DATA TO PROCESS >>

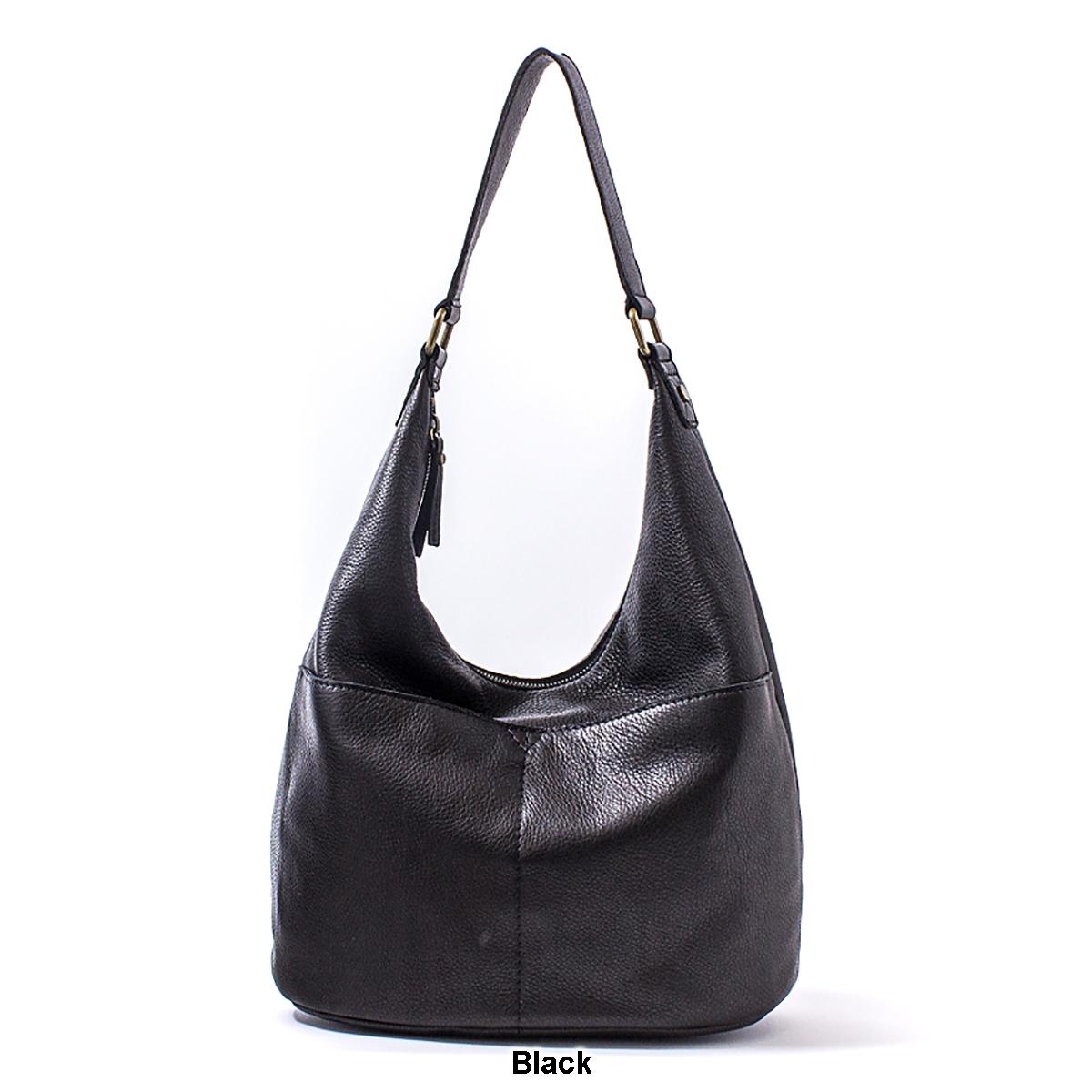 Description Top main zipper closureExterior: 2 front slip pocketsInterior: Slip pocket, Zip pocketPattern: Solid Handle Drop: 6 " Material: Leather Product Height: 14 1/2"...
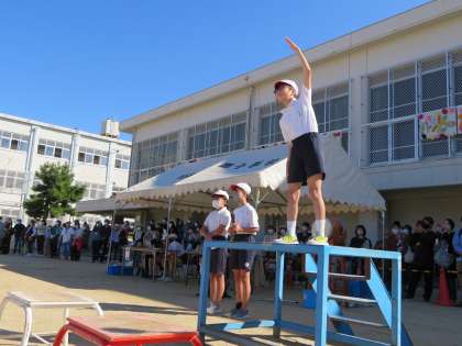 下学年の競技や演技がはじまると応援を頑張っていました。2年ぶりに下学年の競技や演技を見ることができて,うれしそうでした!
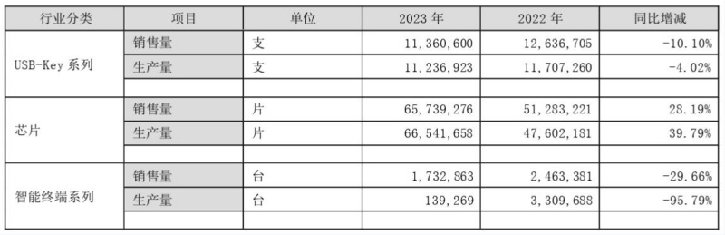 在飛天誠(chéng)信的三大產(chǎn)品中,芯片的產(chǎn)量和銷量在2023年度均有較大幅度的增長(zhǎng),但USB Key系列產(chǎn)品和智能終端系列產(chǎn)品的銷量同比均出現(xiàn)明顯的減少。其中,USB Key系列產(chǎn)品銷量減少127.61萬(wàn)支,智能終端系列產(chǎn)品銷量減少73.05萬(wàn)臺(tái)且產(chǎn)量從330.97萬(wàn)臺(tái)減少至13.93萬(wàn)臺(tái)。
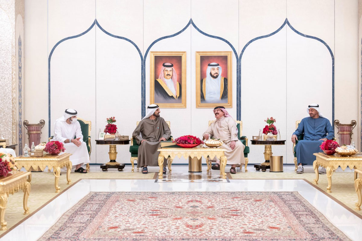 وعبر جلالة الملك حمد بن عيسى عن سعادته بلقاء صاحب السمو الشيخ محمد بن راشد آل مكتوم وصاحب السمو الشيخ محمد بن زايد آل نهيان مؤكدا متانة العلاقات والروابط الأخوية المشتركة بين البلدين والشعبين الشقيقين والحرص المشترك على تعزيزها بما يسهم في تحقيق تطلعاتهما.
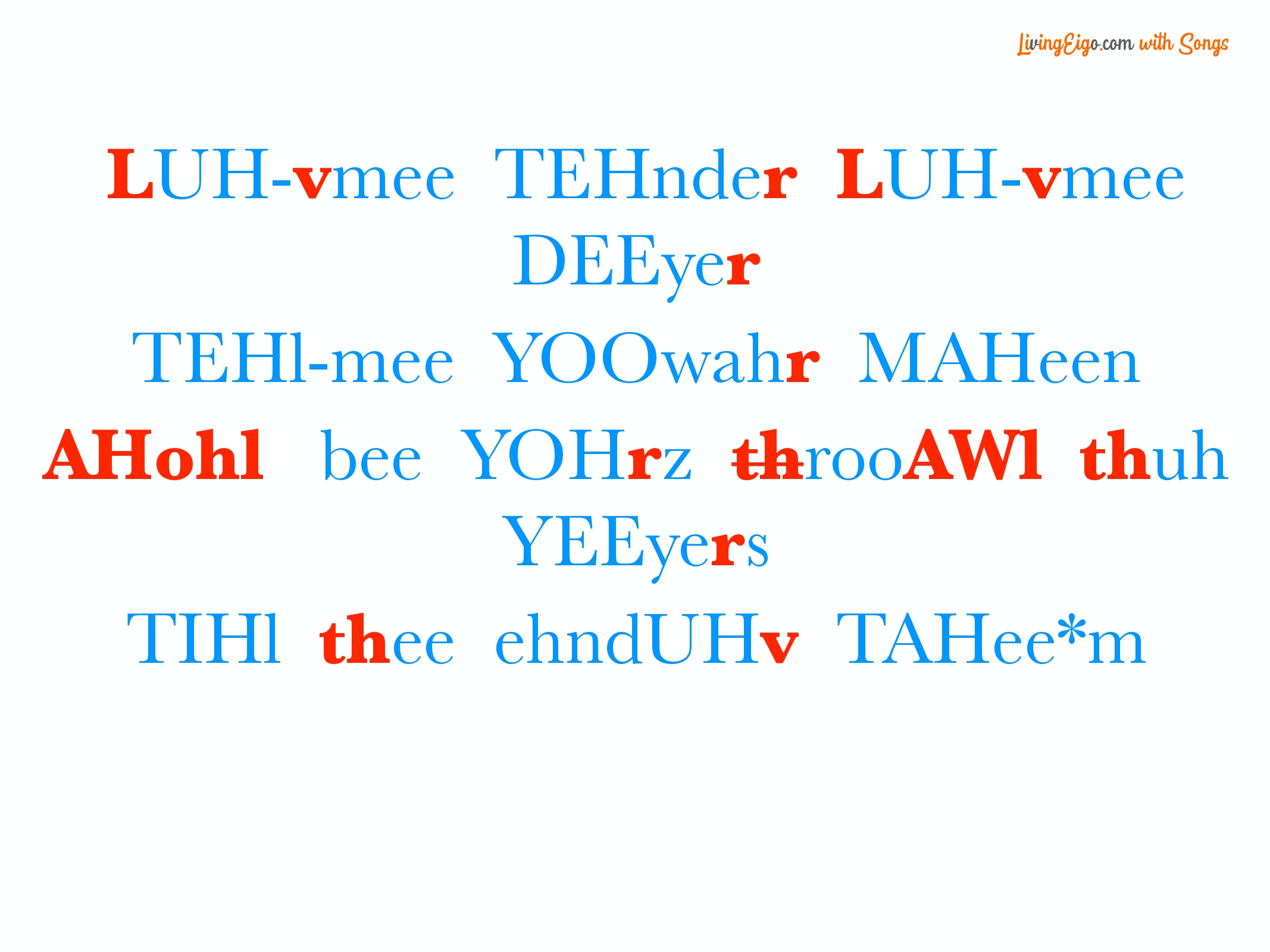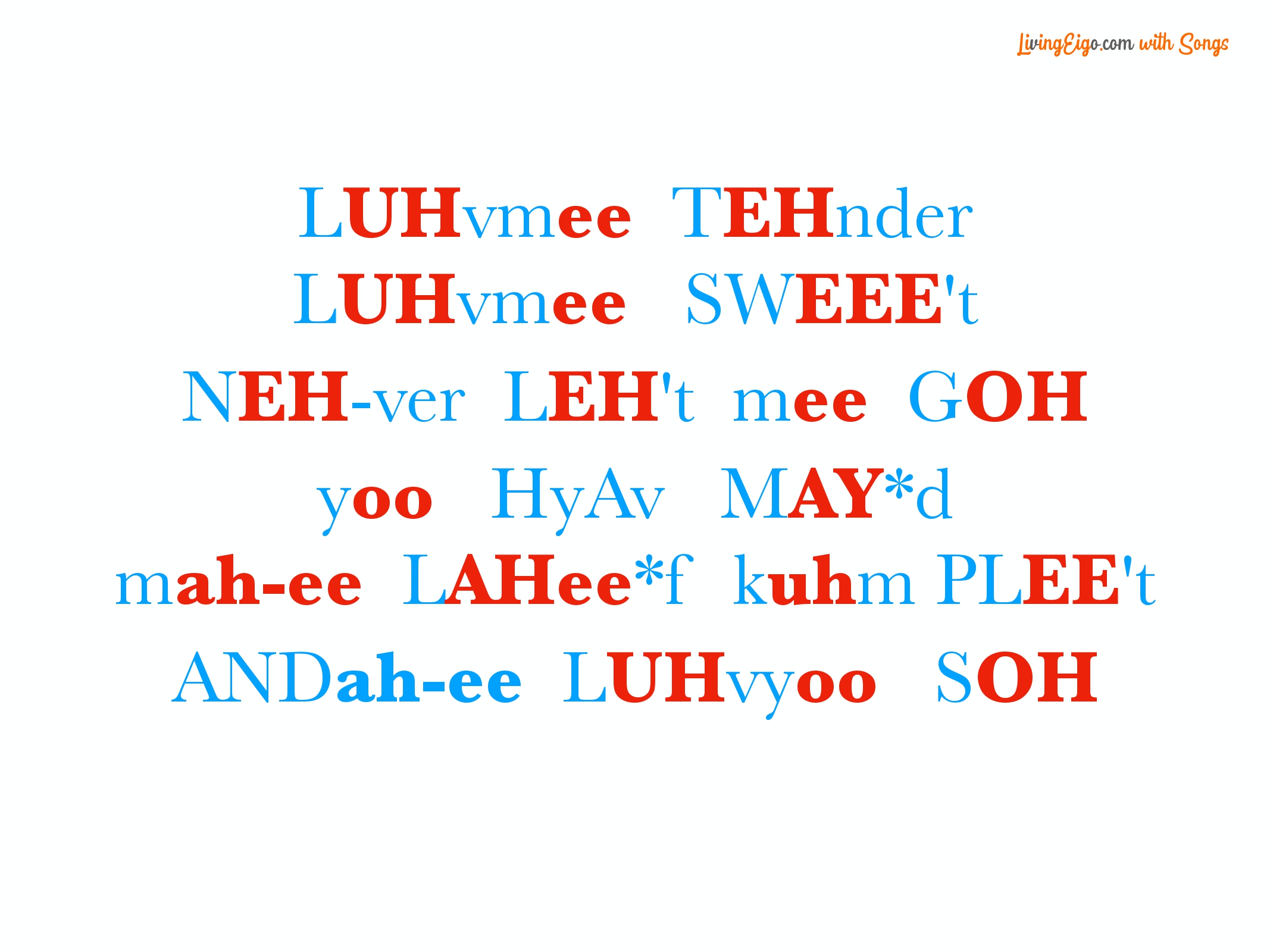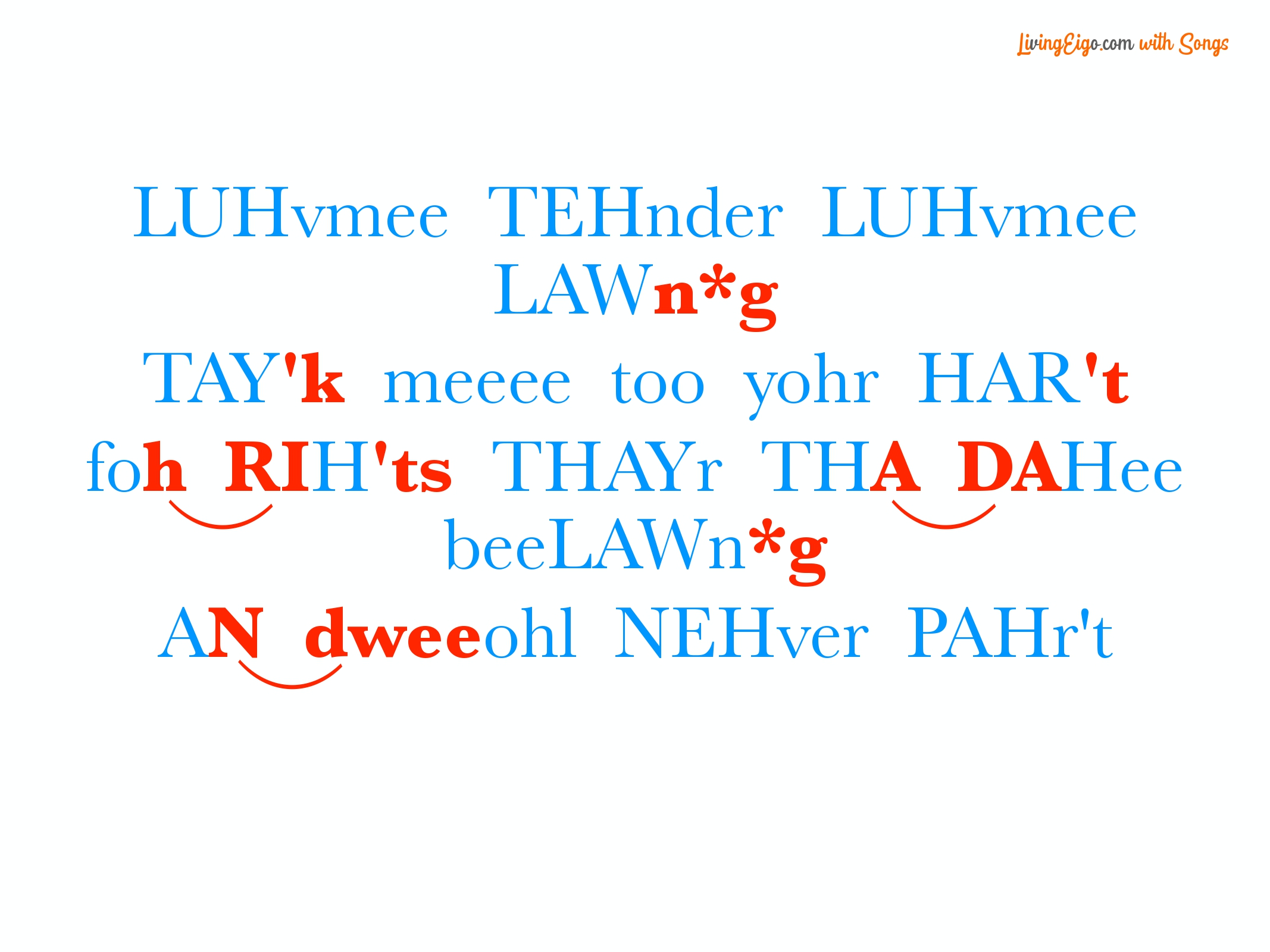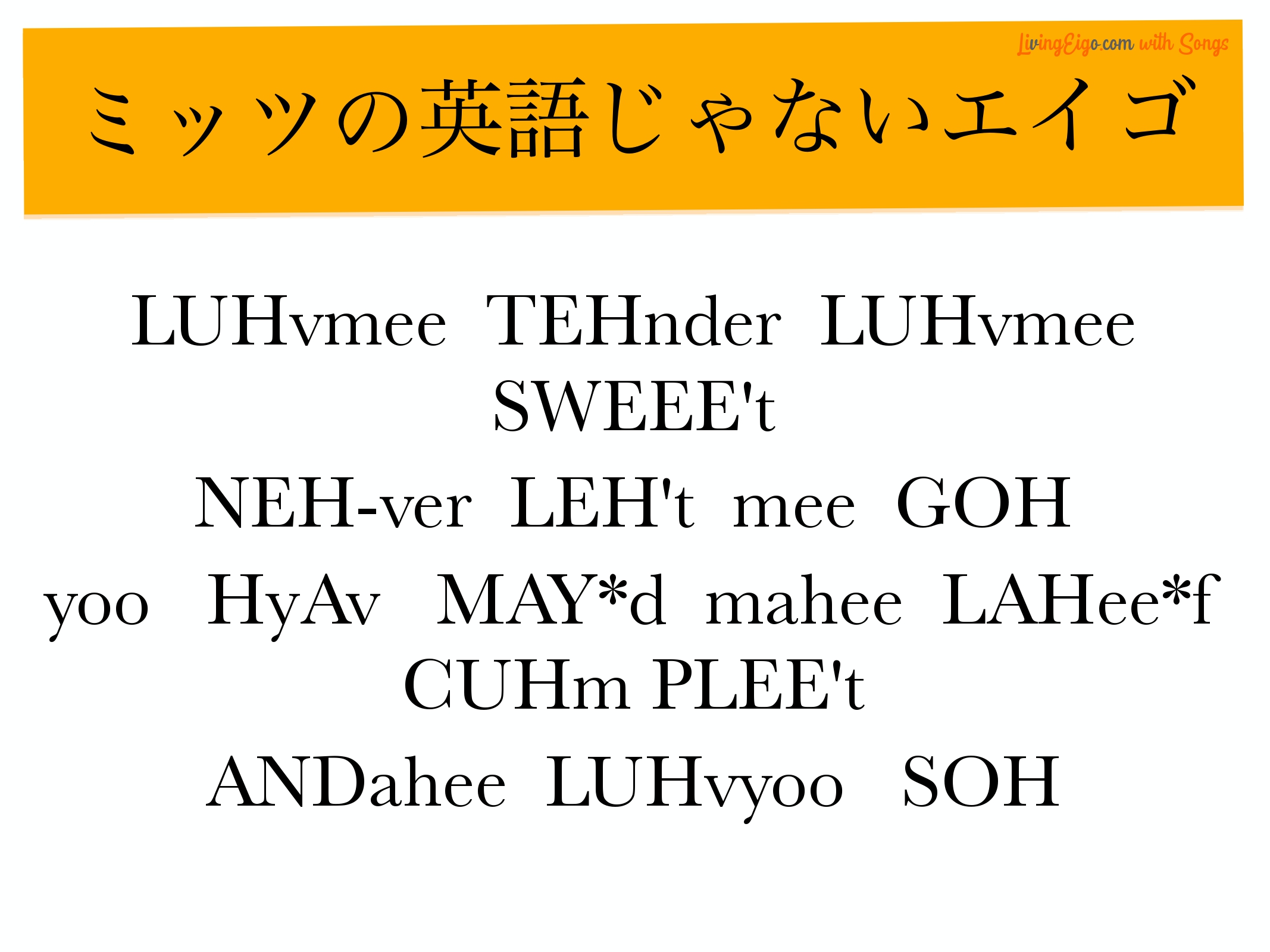 歌の歌詞、リードページ(コード付きのページ)、発音、
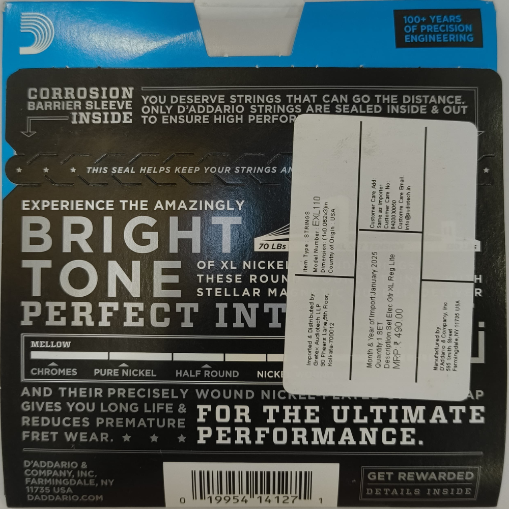 Be the first to review “D’Addario EXL110 XL Nickel Wound Electric Guitar Strings – Regular Light (10-46)”
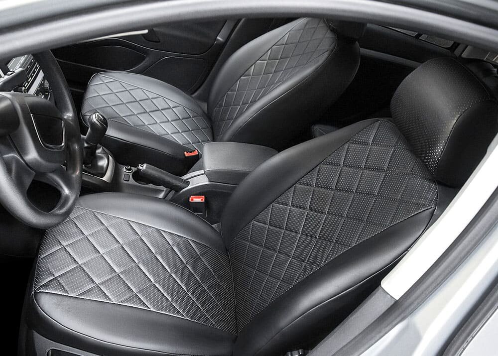 В среднем, если говорить о массовых моделях из кожзама (ну или можно использовать более модное нынче слово «экокожа»), стоимость составит порядка 3000 рублей за комплект.
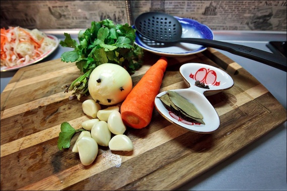 Далее готовим овощи со специями. Репчатый лук чистим, моем, втыкаем в него гвоздички. Морковь чистим, моем, режем крупно. Корень сельдерея моем и режем крупно. У нас корня не было, поэтому использовался плотно связанный пучок сельдереевого бурьяна, который растет над землей. Чеснок можно использовать целиком или разделить на зубчики. Подготавливаем лавровый лист, перец, соль и тмин.
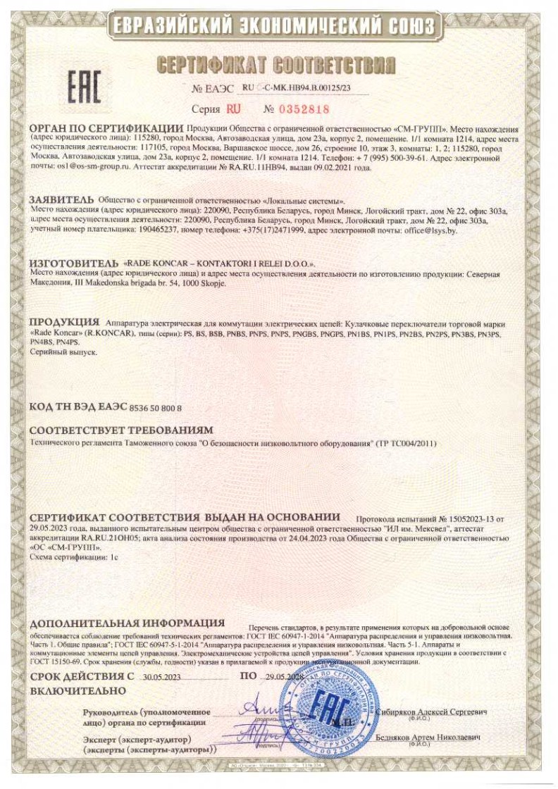 ЕАЭС №ЕАЭС RU С-MK.НВ94.В.00125/23 до 29.05.2028
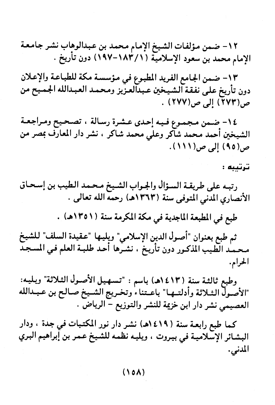 12 ـ ضمن مؤلفات الشيخ الإمام محمد بن عبد الوهاب نشر جامعة الإمام محمد بن سعود الإسلامية (1/183 ـ 197) دون تاريخ.
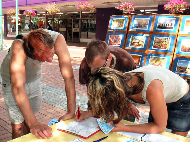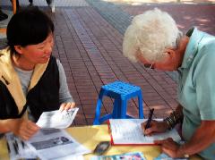 一张张在天安门拍摄下的中共恶警殴打和平抗议的法轮功学员的照片,让当地的人们无不震惊。她们说:“天安门,我知道,那是‘六四 ’枪杀学生的地方。十几年过去了,怎么今天还在杀人吗?”当学员告诉她们法轮功学员在这里和平呼吁而遭到非法逮捕的真相时,她们无不用手把自己那张的合不上的嘴捂上,连说“上帝啊”表示震惊。
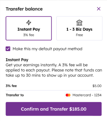 The next screen will explain the instant pay feature, including the 3% fee for using the feature. If you would like to proceed, select “Instant Pay”. (You can even make it your default payment method if you always want your earnings instantly!)
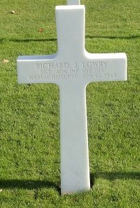 Sgt Richard J. Lowry attended Framingham High School and was employed at Lombard Governor Company.He enlisted in Boston, Massachusetts on 9 April 1943 was sent overseas in September 1944.
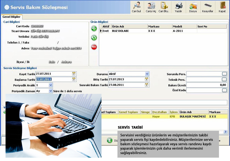* Servis fişlerinde teslim eden, teslim alan, teslim saati, ürün bilgileri, bildirilen arızalar ve yapılan işlemleri kaydedebilir,
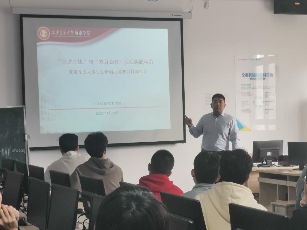 2021年3月18日下午,威尼斯7798cc第九届大学生创新创业大赛中兴学院动员仪式在教学楼A409隆重举行。本次动员活动由中兴学院张成发起,并对18、19、20级学员进行比赛说明,并担任比赛项目的指导老师,为参赛队伍进行指导。
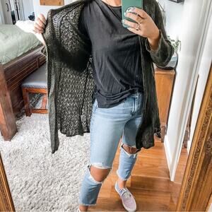 Eileen Fisher | Women’s Brown Mohair Blend Open Knit Long Cardigan Sweater Wool

TASK GOAL >> Please leave out the pictures as you reproduce the lines exactly, from the first line of the entries through the line containing "Be the first".

ANSWER FOR THIS EXERCISE >>
 Description Top main zipper closureExterior: 2 front slip pocketsInterior: Slip pocket, Zip pocketPattern: Solid Handle Drop: 6 " Material: Leather Product Height: 14 1/2"...
 下学年の競技や演技がはじまると応援を頑張っていました。2年ぶりに下学年の競技や演技を見ることができて,うれしそうでした!
 在飛天誠(chéng)信的三大產(chǎn)品中,芯片的產(chǎn)量和銷量在2023年度均有較大幅度的增長(zhǎng),但USB Key系列產(chǎn)品和智能終端系列產(chǎn)品的銷量同比均出現(xiàn)明顯的減少。其中,USB Key系列產(chǎn)品銷量減少127.61萬(wàn)支,智能終端系列產(chǎn)品銷量減少73.05萬(wàn)臺(tái)且產(chǎn)量從330.97萬(wàn)臺(tái)減少至13.93萬(wàn)臺(tái)。
 وعبر جلالة الملك حمد بن عيسى عن سعادته بلقاء صاحب السمو الشيخ محمد بن راشد آل مكتوم وصاحب السمو الشيخ محمد بن زايد آل نهيان مؤكدا متانة العلاقات والروابط الأخوية المشتركة بين البلدين والشعبين الشقيقين والحرص المشترك على تعزيزها بما يسهم في تحقيق تطلعاتهما.
 歌の歌詞、リードページ(コード付きのページ)、発音、
 Be the first to review “D’Addario EXL110 XL Nickel Wound Electric Guitar Strings – Regular Light (10-46)”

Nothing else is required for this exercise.